How did Greece get to the position it is in now? Germany, the leaders of EU countries and even the Media blame the Greek people for being lazy and not paying their taxes. However, how can such a relatively small population push the Greece’s national debt to its current levels which led to Greece’s economic collapse and the on-going mass riots in Athens which started the summer of 2011 over EU austerity measures, leading to a political mess resulting in the resignation of the Prime Minister of Greece George Papandreou on 10 November 2011 who was replaced by the unelected Lucas Papademos former Governor of the Bank of Greece when Greece transitioned from the Drachma to the Euro?
Lucas Papademos who was also Vice President of the European Central Bank, had close ties to Mario Draghi, the new President of the European Central Bank as of November 2011; Draghi was also former Vice Chairman and Managing Director of Goldman Sachs. It is well known that Mario Monti, Italy's new Premier is also an International Advisor for Goldman Sachs. Italy, which also started suffering a major economic crisis since 2011 resulting in the resignation of Premier Silvio Berlusconi, is seen as another victim of Goldman Sachs’ agenda. All clues to the economic tragedy in Greece point to Goldman Sachs.
Goldman Cooked Greece's Books - Official
Goldman Sachs is no stranger to scandal or controversy and is regarded by many world-wide to be the bank that kicked off global economic meltdown in 2008, as well as the most corrupt financial institution in the world.
Many people blame Goldman Sachs for bringing the Greek economy to its knees, allegedly through specious advice and consultations it provided to the Greek government on its position in the Euro, Government Bonds, CDS (Credit Default Swaps) and an initial loan of €2.8 billion of which €500 went back to Goldman Sachs along with other concessions for its consulting fees. The initial debt of €2.8 billion compounded with interest, more borrowing to cover the initial debt, then in conjunction with Credit Default Swaps in the form of toxic complex Derivatives spiraled out of control into a vicious cycle to Greece’s current position with foreign debt of around €360 billion, for a population of 10,787,690 or around €33,370 per head.
British Journalist and Author of "The Devil's Derivatives" Nick Dunbar can be regarded as the first Oracle of Doom to warn people of the impending “Greekonomic Tragedy” in 2003. His report on BBC News' flagship current affairs program Newsnight brought attention highlights exactly how Greece got into debt.

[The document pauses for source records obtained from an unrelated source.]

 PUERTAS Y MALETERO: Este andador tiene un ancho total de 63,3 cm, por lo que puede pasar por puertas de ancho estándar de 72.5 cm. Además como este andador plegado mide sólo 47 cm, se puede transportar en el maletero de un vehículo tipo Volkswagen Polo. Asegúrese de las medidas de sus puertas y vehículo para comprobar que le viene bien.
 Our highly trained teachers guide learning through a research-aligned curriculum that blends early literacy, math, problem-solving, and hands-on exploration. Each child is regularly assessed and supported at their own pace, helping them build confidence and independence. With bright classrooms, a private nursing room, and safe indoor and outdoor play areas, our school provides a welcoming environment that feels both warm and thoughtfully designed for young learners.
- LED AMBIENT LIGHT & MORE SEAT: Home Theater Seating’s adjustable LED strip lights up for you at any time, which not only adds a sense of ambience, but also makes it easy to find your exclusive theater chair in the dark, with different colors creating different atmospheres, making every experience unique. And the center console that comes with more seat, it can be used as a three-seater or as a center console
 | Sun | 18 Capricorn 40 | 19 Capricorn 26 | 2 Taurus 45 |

In light of all the recent reports and evidence that has emerged, one action the people of Greece can take is to file a civil complaint with the SEC / Securities & Exchange Commission in the United States, against Goldman Sachs and the members of the Greek Government Goldman Sachs had dealings with for putative violations under the SEC Act of 1934 associated with the €2.8 billion loan; possibly even file a criminal complaint with the US Department of Justice for putative FCPA / Foreign Corrupt Practices Act violations.
The Goldman Fleece
In short, Goldman Sachs is seen by an overwhelming majority of people as a recklessly greedy organisation run by a corrupt crony network, misleading its own clients ensuring no matter what happens in the markets, Goldman Sachs benefits from losses even the losses they cause. Goldman Sachs is also regarded by people even in the Financial Sector as an extortion racket that abuses its powerful leverage position and links to the US Federal Reserve printing press, leaving a trail of destruction wherever it does business, with its ultimate victory, the possible collapse of the Eurozone, perhaps even staging a coup for the hostile taker over of the EuroZone through bailouts, ultimately subsidised by the taxpayer, with the Bankster Elite acting as the Middle Men. In the end, Goldman Sachs, acting like ancient marauding pirates of the Aegean has seized its Golden Fleece.

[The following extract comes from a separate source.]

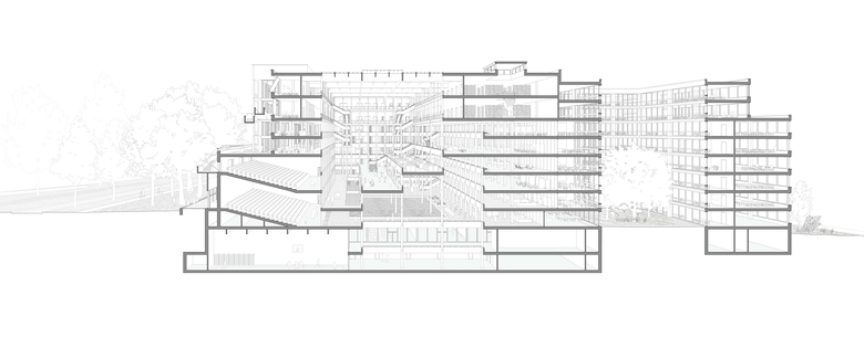 Zwischen Agora und Forumshalle staffeln sich die Räume mit der höchsten Nutzungsdichte zu einer durchlässigen Schicht aus Hörsälen, Seminarräumen und Lernlandschaften. Diese hoch frequentierten Bereiche sind nicht allein von innen über die Treppen und Lifte der Forumshalle erreichbar, sondern auch über ein verzweigtes System aussenliegender Freitreppen und Terrassen erschlossen. Diese begehbare Schauseite bezieht den Freiraum der Agora aktiv ins universitäre Leben ein. Die Universität präsentiert sich der Stadt als offene und zugängliche Institution.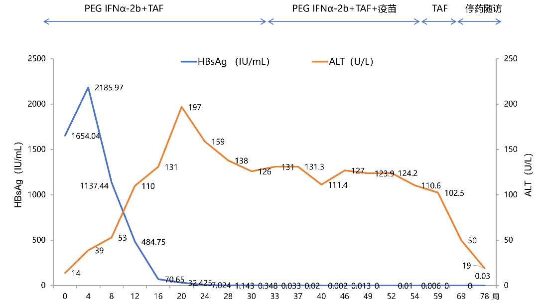 •随访至69周:持续HBsAg血清学转换,ALT恢复正常

Obviously, whatever ingredients Goldman Sachs used when cooking Greece’s Government books, the recipe that created the economic tragedy in Greece were extremely unhealthy like deep fried fast food causing a cardiac arrest for the Greek Economy; though it seems Goldman Sachs had their desserts making a very nice cake for itself and eating it, leaving many Greeks starving, even abandoning their children, and the highest number of suicides in Greek History; in one incident in late May 2012, a 91-year-old woman and her 60-year-old Greek son committed suicide by jumping to their deaths together from their 5th floor apartment. In addition to that there was the horrific incident where an elderly chemist who set himself on fire.
Even though there were allegations of extensive corruption in the Greek Government, it is likely Bankers took advantage of such situations, possibly even ensuring bribes to Greek government officials were funneled back into offshore accounts.
The Greek Government and EU officials also accused the Greek people of not paying taxes, but this got worse after Greece joined Euro when prices of local agricultural goods such as tomatoes increased in price up to six-fold. The Euro economic system engineered by Germans, enforced on Greece, was clearly not compatible with the Greek culture.
This is exactly the kind of recipe for disaster that happens when external entities do business in strange foreign cultures and environments; the indigenous people somehow get wiped out; in this case Greeks being force-fed a change of diet with foreign economic recipes contaminated with tainted ingredients resulting in the economic plague which has spread to the Eurozone and infected Europe’s economy.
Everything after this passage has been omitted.